» **INPUT DATA**

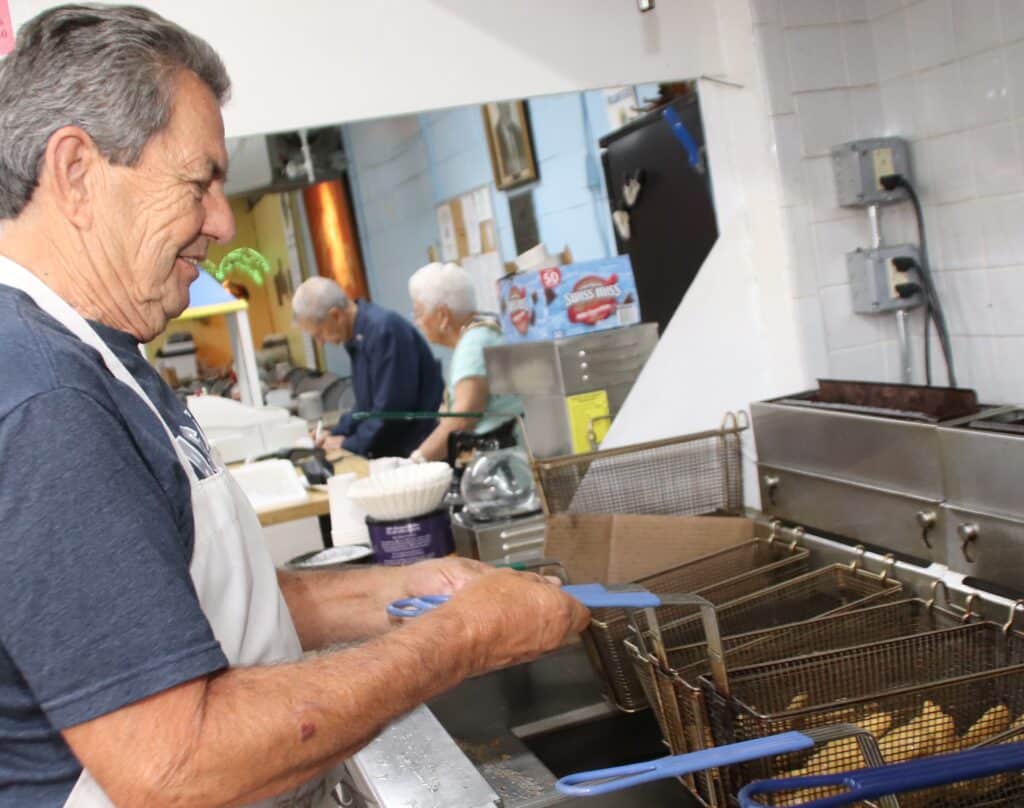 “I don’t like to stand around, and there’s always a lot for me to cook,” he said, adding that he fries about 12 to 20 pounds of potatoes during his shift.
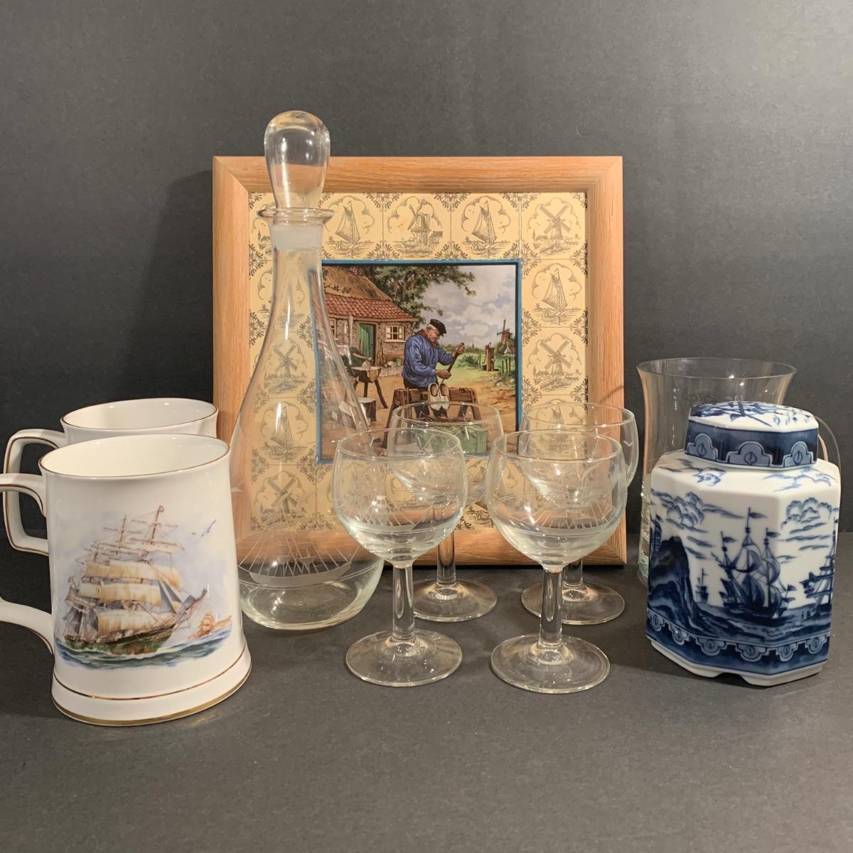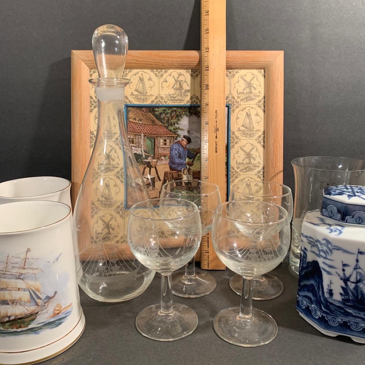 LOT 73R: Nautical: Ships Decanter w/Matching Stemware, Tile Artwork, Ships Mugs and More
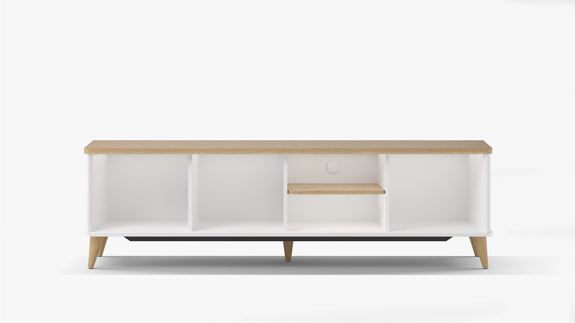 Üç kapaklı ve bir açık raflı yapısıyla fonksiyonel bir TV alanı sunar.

» **WHAT THIS TASK INVOLVES**
Lines from the one that contains "LOT 73R: Nautical: Ships" to the final line of the material are the whole answer. Reproduce them word for word and skip the pictures.

» **WRITTEN SOLUTION**
 LOT 73R: Nautical: Ships Decanter w/Matching Stemware, Tile Artwork, Ships Mugs and More
 Üç kapaklı ve bir açık raflı yapısıyla fonksiyonel bir TV alanı sunar.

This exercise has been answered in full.